# Which shrimps to add to with Fire Red Shrimps?



## Asterix (Feb 5, 2011)

Hi,

I started a small tank (with filter, heat and light, tap water) with around 11 *Fire Red Shrimps* in it.

I wish to also add some other types of shrimps. What should I add to get a nice visual look to the tank?

OEBTS?
Tangerines? (Can I even have OEBTS and Tangerines in the same tank?)

Thanks..


----------



## woopderson (Feb 12, 2014)

Keeping Caridina shrimp may be a bit difficult in the same parameters as Neos (fire reds in your case). They typically require lower PH and lower TDS.

If you want to keep something else in there, I would suggest Caridina Babaulti. They are beauties, and like the same parameters as neos.

Pic from my tank at one time.


----------



## alstare2000 (Feb 16, 2013)

Tangerines Tigers are pretty hardy out of that species so they would survive but you most likeley never see any babies if it's tap water and inert substrate.

Forget about OEBTS they are tough to keep if it's not in their perfect range of water

I keep Red Neocaridina, tangerines and black crystal mischlings that I got when there were small. All surviving I seen Tangerines and crystals berried but never seen any babies. Red Neocaridina is the only breeding.

Also once you get them drip drop slowly I transitioned mine for about 12 hrs without any loss.


----------



## Asterix (Feb 5, 2011)

I have Eco-Complete substrate, not sure if this is good or bad. Also use Seachem Prime to condition the water.

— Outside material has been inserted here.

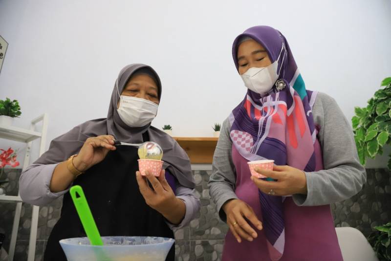 “Awalnya ngeliat hasil KWT yang melipah (sukun) tapi cuman diolahnya, ya direbus, digoreng atau dikukus. Lalu saya coba buat bolu gagal coba lagi, gagal coba lagi sampai akhirnya bisa seperti ini,” ucap Isbandiyah.
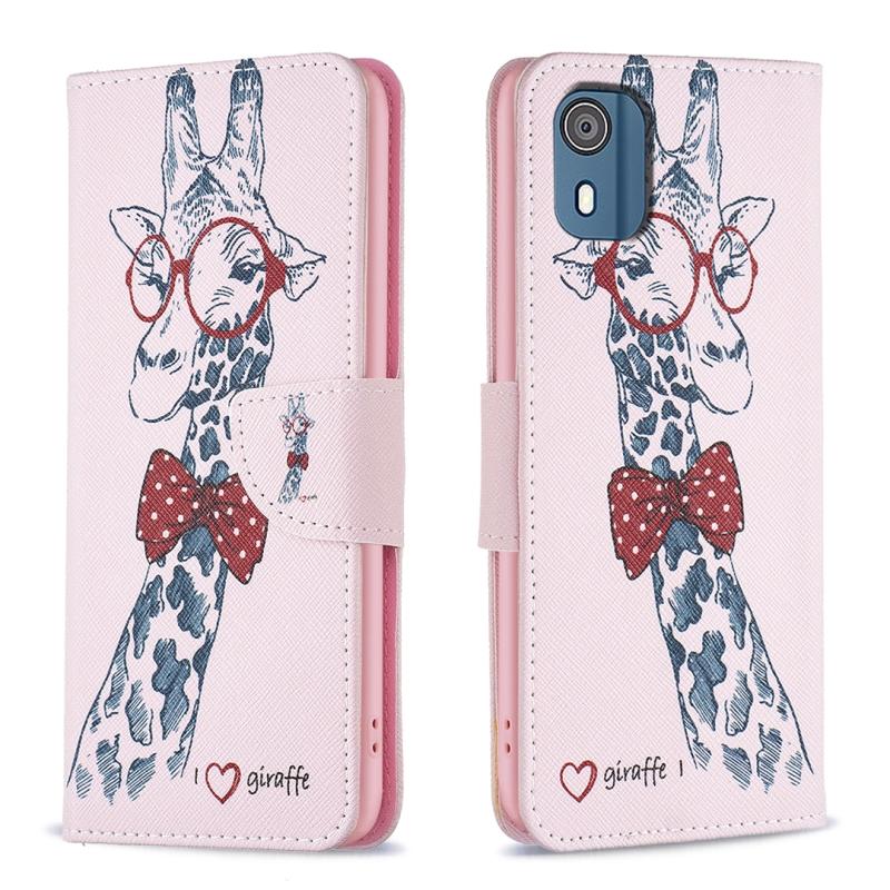 For Nokia C02 Colored Drawing Pattern Leather Phone Case(Giraffe)

It would be nice to be able to get babies from the shrimps that I keep. Are there other types that would work better than Tangerines?

*Aura Blue Tigers*
*Blue Bee *
*Green Shrimp* (Caridina Babaulti mentioned by woopderson)


----------



## solarz (Aug 31, 2010)

Amano shrimps.


----------



## supershrimp (Dec 29, 2011)

cherries and wild tigers look perfect together


----------